Articles for Teachers

Teaching English as a Career
By:Scott Sommers <sommersscott@yahoo.com>

Teaching English overseas is different from almost any other career that you're likely to become involved in. The complexities of life overseas make it an exciting choice, but they also create challenges that you're not likely to have experience dealing with. Whenever I talk to people entering the overseas English teaching industry, certain points keep coming up, and I have come to believe that recognizing a number of things about English teaching early on can make a big difference in how easy and successful your life teaching overseas can become.

The first point to recognize is that you will probably be teaching English for a long time. In this sense, teaching English is no different from other jobs, and as a result, it is just as easy to get caught in it as in any other line of work. Let's be realistic about it; if you have been teaching English (or working in any other kind of occupation) for 3 or more years, how easy will it be to go home and find a job in a completely different line of work? What's it going to be like after a few years and your friends are all in supervisory positions? It's not going to be so easy being in your late 20's starting all over. You may know lots of people who saved up some money and moved back into their old lifestyle without a seam, but having stayed in Asia for the past 15 years, I know all those people who didn't. And there's a lot of them! I'm not saying that you're going to end up in Asia teaching English until you die, but it's better to assume that you will be here longer than the year or so that you keep telling everyone.And if that's the case, start preparing for the long haul.

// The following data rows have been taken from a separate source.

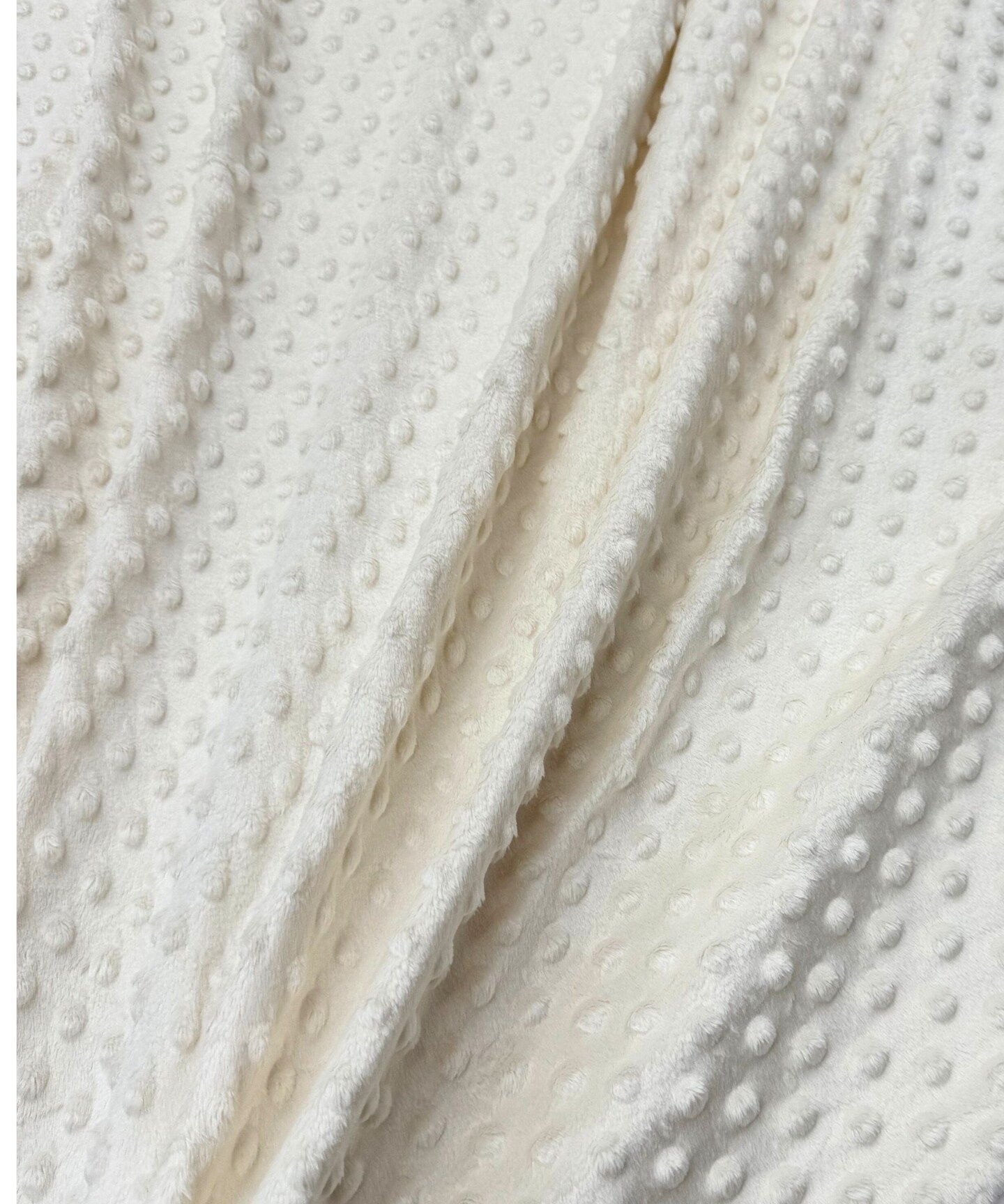 Ivory Minky Dot Fabric by the Yard, 60" Wide Ultra-Soft Plush Minky Fabric for Baby Blankets, Nursery Decor, Plush Toys & Sewing
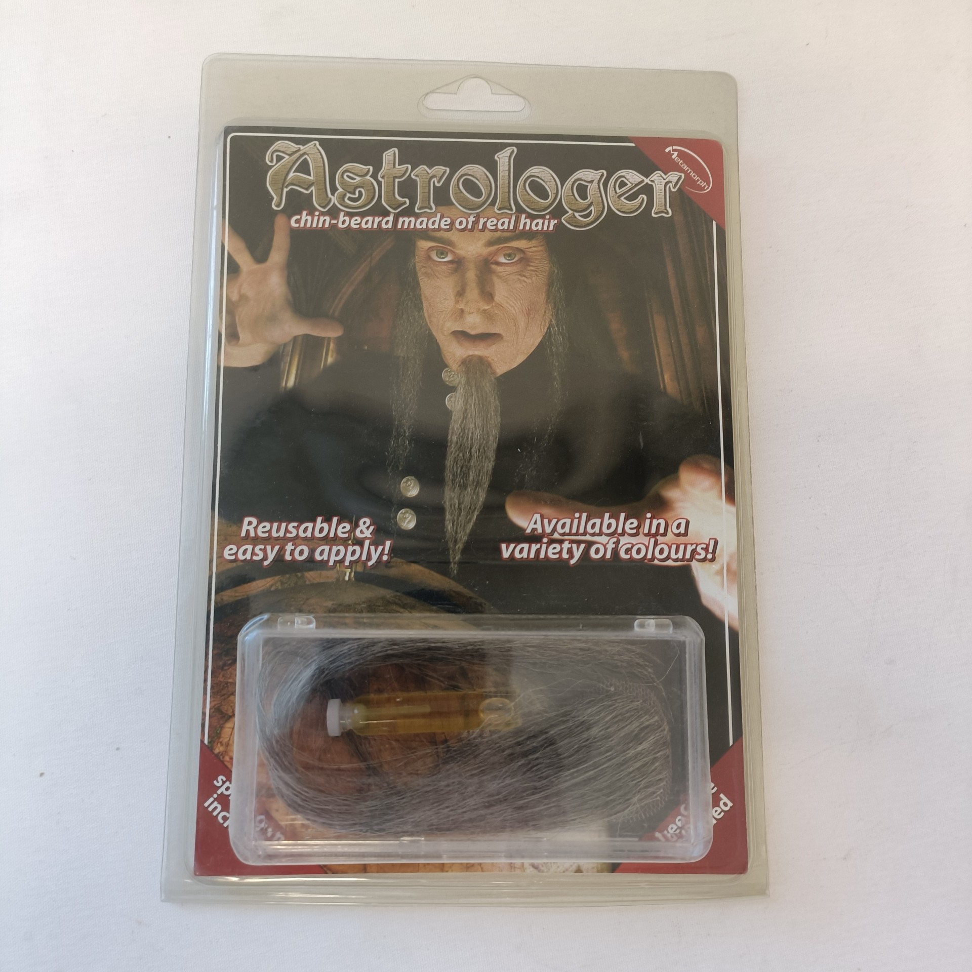 Pakkaus sisältää tummanharmaan leukaparran sekä kiinnitysliiman.
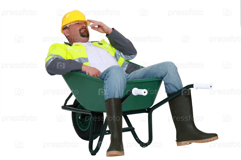 Рабочий лежит в тачке
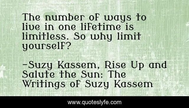 This page presents the quote "The number of ways to live in one lifetime is limitless. So why limit yourself?". Author of this quote is Suzy Kassem, Rise Up and Salute the Sun: The Writings of Suzy Kassem. This quote is about achievements, life, success, limits, universe, fears, sky, behaviour, attitude,.
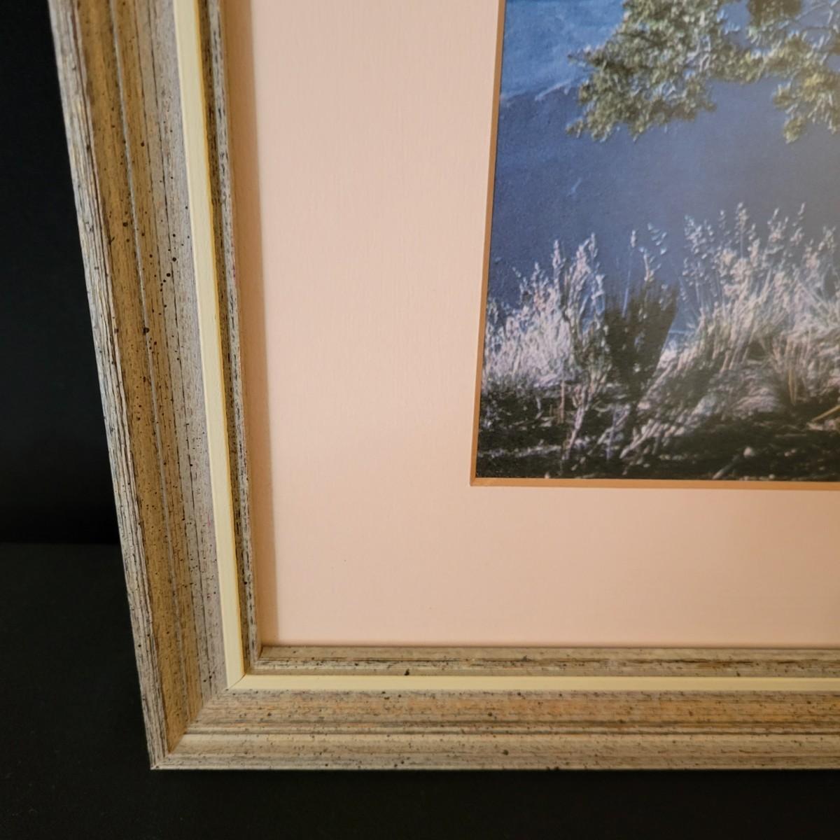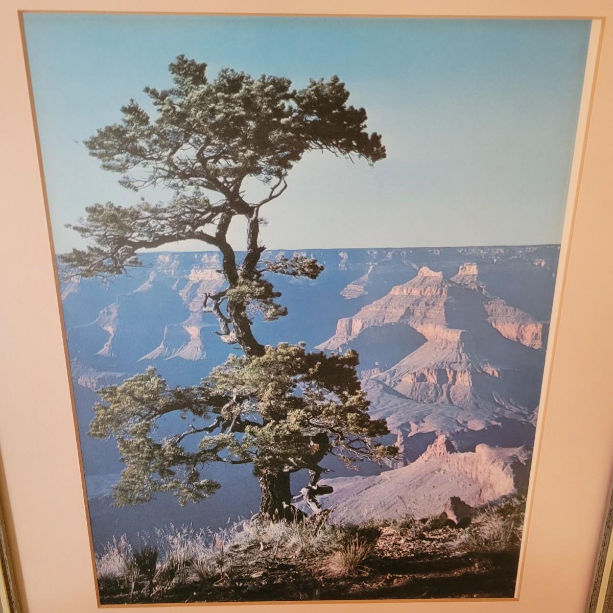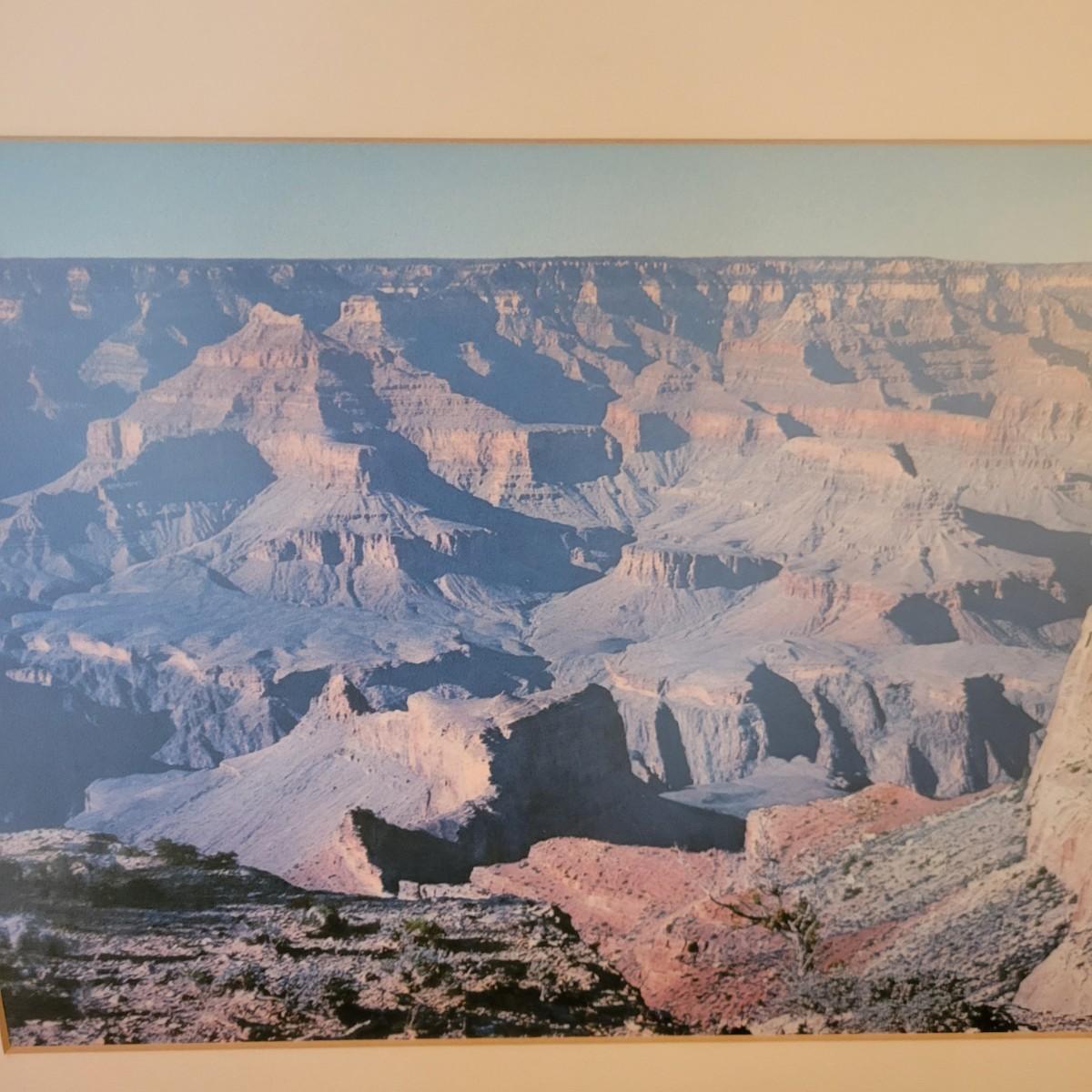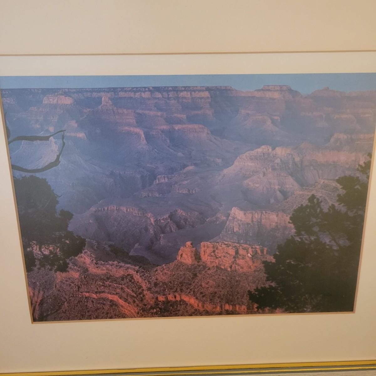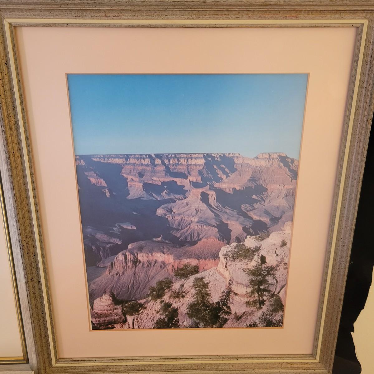 Four framed photographs of the Grand Canyon. Two are verticals with a single mat and a rustic wood frame that is gray. The other two pieces are horizontal with a single mat and distressed wood frame with a gold lip. Each piece has non glare glass. Two pieces have slipped in their mats; see photos. Shipping available. Shipping can be costly. We suggest contacting our preferred local shipping provider, Postage Express, with dimensions and getting an estimate before bidding: (828) 670-5501 or postageexpress@yahoo.com.

The reality is that you may be an English teacher for a long time. What opportunities shouldn't you let slip past? For example, don't throw away all those books and materials because you think you'll never have to use them again. Keep track of lessons that went well. Develop a system to keep track of things that you are going to use again. Become a better teacher. Invest in things that will make you the best teacher you can be and will allow you as a better teacher to get better jobs. Don't let the idea of cost in money and time become a barrier because this is an investment in your future.

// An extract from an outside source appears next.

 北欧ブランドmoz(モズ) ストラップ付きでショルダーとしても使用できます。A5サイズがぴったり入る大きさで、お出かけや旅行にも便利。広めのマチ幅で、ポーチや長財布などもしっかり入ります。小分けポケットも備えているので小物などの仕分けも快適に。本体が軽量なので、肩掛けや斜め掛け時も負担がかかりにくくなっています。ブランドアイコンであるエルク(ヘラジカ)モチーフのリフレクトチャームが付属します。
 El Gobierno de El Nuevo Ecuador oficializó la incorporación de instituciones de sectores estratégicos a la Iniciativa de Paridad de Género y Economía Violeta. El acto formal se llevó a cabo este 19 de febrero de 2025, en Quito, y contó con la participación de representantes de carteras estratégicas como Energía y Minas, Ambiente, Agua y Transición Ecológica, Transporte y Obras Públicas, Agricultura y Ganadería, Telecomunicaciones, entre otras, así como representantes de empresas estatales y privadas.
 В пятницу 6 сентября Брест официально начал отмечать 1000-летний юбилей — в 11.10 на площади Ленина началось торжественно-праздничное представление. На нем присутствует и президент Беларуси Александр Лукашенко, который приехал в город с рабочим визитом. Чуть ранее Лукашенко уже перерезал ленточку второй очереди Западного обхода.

Start considering occupational mobility early on. What is the next thing you want to be doing in language teaching? Do you want to be running your own school? If so, there are things you will have to know about operations that are different from teaching skills. Start paying attention to how your boss runs his or her business, and instead of brushing off all those management problems as merely the inability of locals to manage foreigners properly, start thinking about how you would have handled it differently.

If you want to teach at a university, start preparing for that. Find out what universities in your area want from an instructor. There is a lot of grumbling on the Net over distance education, graduate degrees, and the recognition of certificates as qualification for teaching at the university level. Forget about it; do you want the job or not?

English teaching provides a good life. In fact, it can provide a life that's too good. You can slip into it even before you know you're stuck there. But what was comfortable when you were 25 isn't always so great when you're 40, so start now getting prepared for the move into something bigger and better.